» DATA SEGMENT
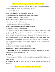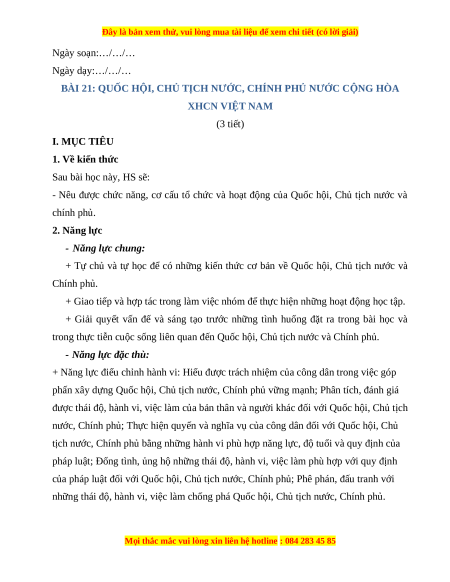 BÀI 21: QUỐC HỘI, CHỦ TỊCH NƯỚC, CHÍNH PHỦ NƯỚC CỘNG HÒA XHCN VIỆT NAM (3 tiết) I. MỤC TIÊU 1. Về kiến thức Sau bài học này, HS sẽ:
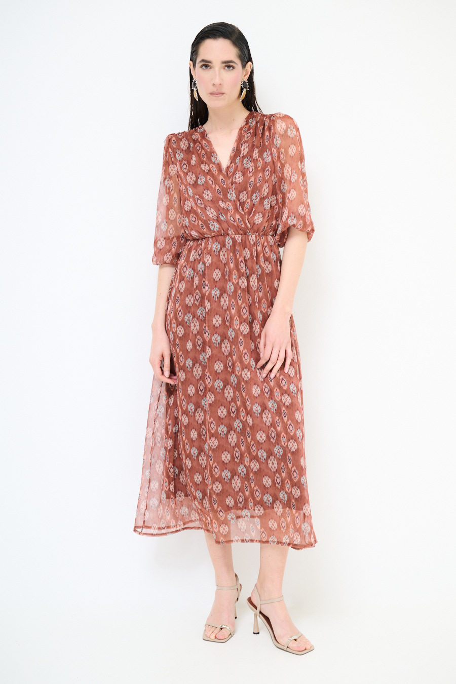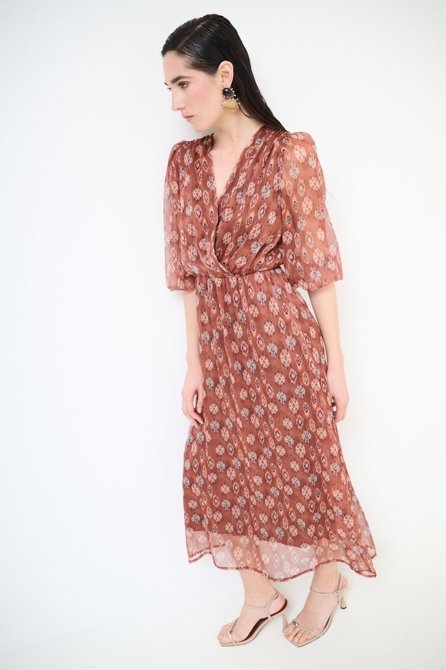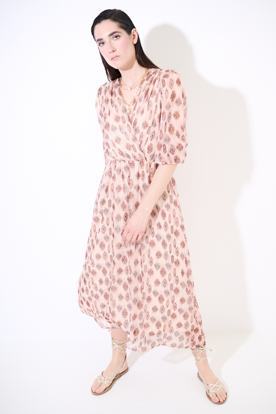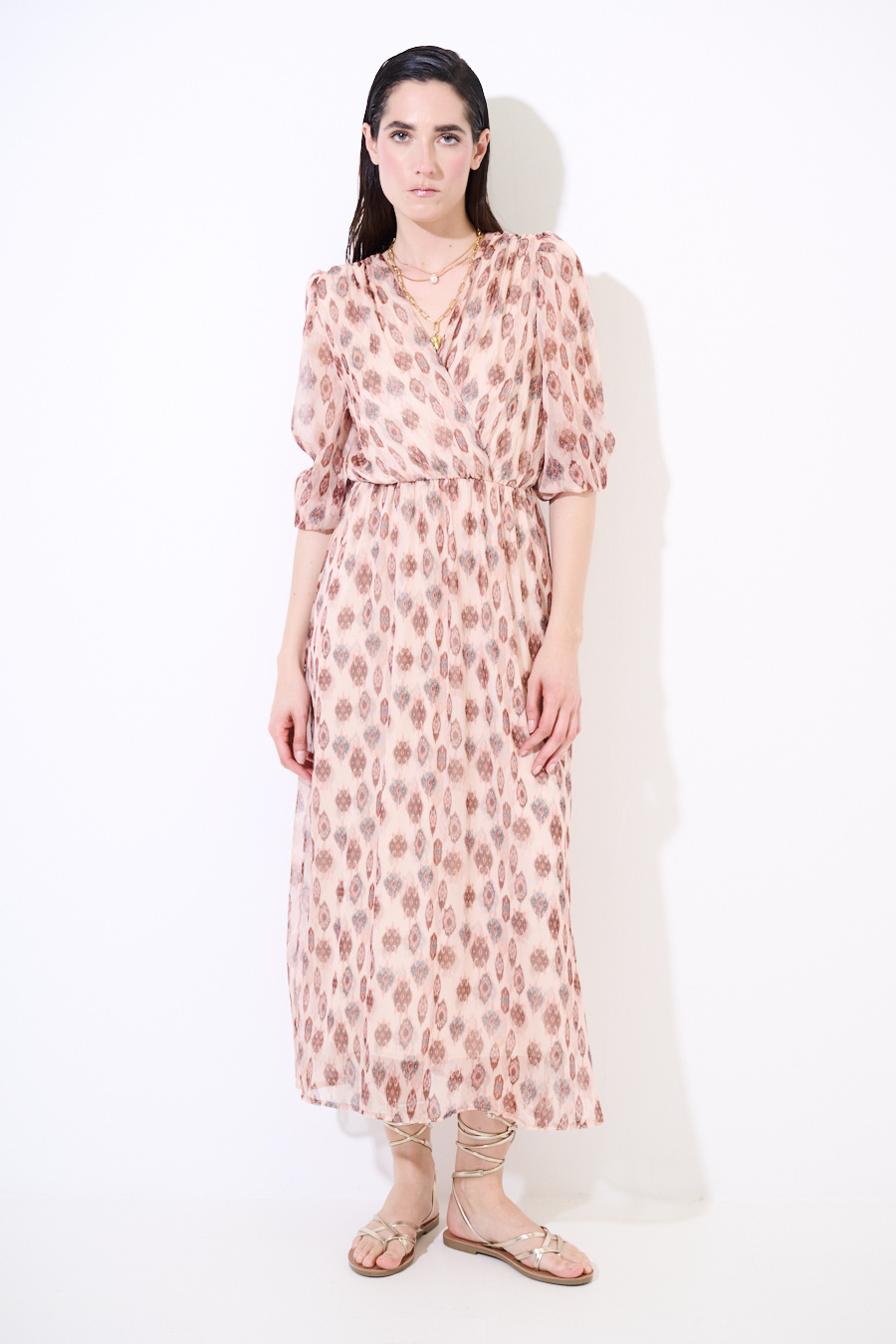 Abito lungo a fantasia con sottoveste, con manica a 3/4 con elastico e ampio scollo a v ripreso in vita
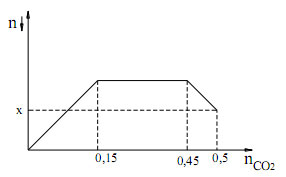19. Sục CO2 vào dung dịch hỗn hợp gồm Ca(OH)2 và KOH ta quan sát hiện tượng theo đồ thị hình bên (số liệu tính theo đơn vị mol).
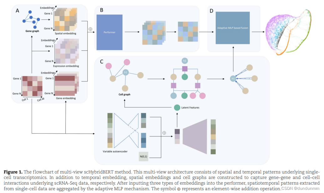 受到语言模型的启发,提出了scHybridBERT方法来对scRNA-seq数据进行多视角建模,从而获得更全面的模型。Performer模型和图神经网络分别利用时空动态和细胞图等异质信息。随后,通过基于自适应多层感知器(MLP)的融合策略将时空嵌入和图结构数据进行整合。Performer模型旨在处理长单细胞RNA序列,捕捉全局信息,而图神经网络则发现复杂的聚类结构并补偿孤立样本点的不足。scHybridBERT方法的基本示意图如图1所示。

» PROMPT
A verbatim copy of the listing, with all pictures removed, is required.

» SOLUTION TO THIS TASK
 BÀI 21: QUỐC HỘI, CHỦ TỊCH NƯỚC, CHÍNH PHỦ NƯỚC CỘNG HÒA XHCN VIỆT NAM (3 tiết) I. MỤC TIÊU 1. Về kiến thức Sau bài học này, HS sẽ:
 Abito lungo a fantasia con sottoveste, con manica a 3/4 con elastico e ampio scollo a v ripreso in vita
19. Sục CO2 vào dung dịch hỗn hợp gồm Ca(OH)2 và KOH ta quan sát hiện tượng theo đồ thị hình bên (số liệu tính theo đơn vị mol).
 受到语言模型的启发,提出了scHybridBERT方法来对scRNA-seq数据进行多视角建模,从而获得更全面的模型。Performer模型和图神经网络分别利用时空动态和细胞图等异质信息。随后,通过基于自适应多层感知器(MLP)的融合策略将时空嵌入和图结构数据进行整合。Performer模型旨在处理长单细胞RNA序列,捕捉全局信息,而图神经网络则发现复杂的聚类结构并补偿孤立样本点的不足。scHybridBERT方法的基本示意图如图1所示。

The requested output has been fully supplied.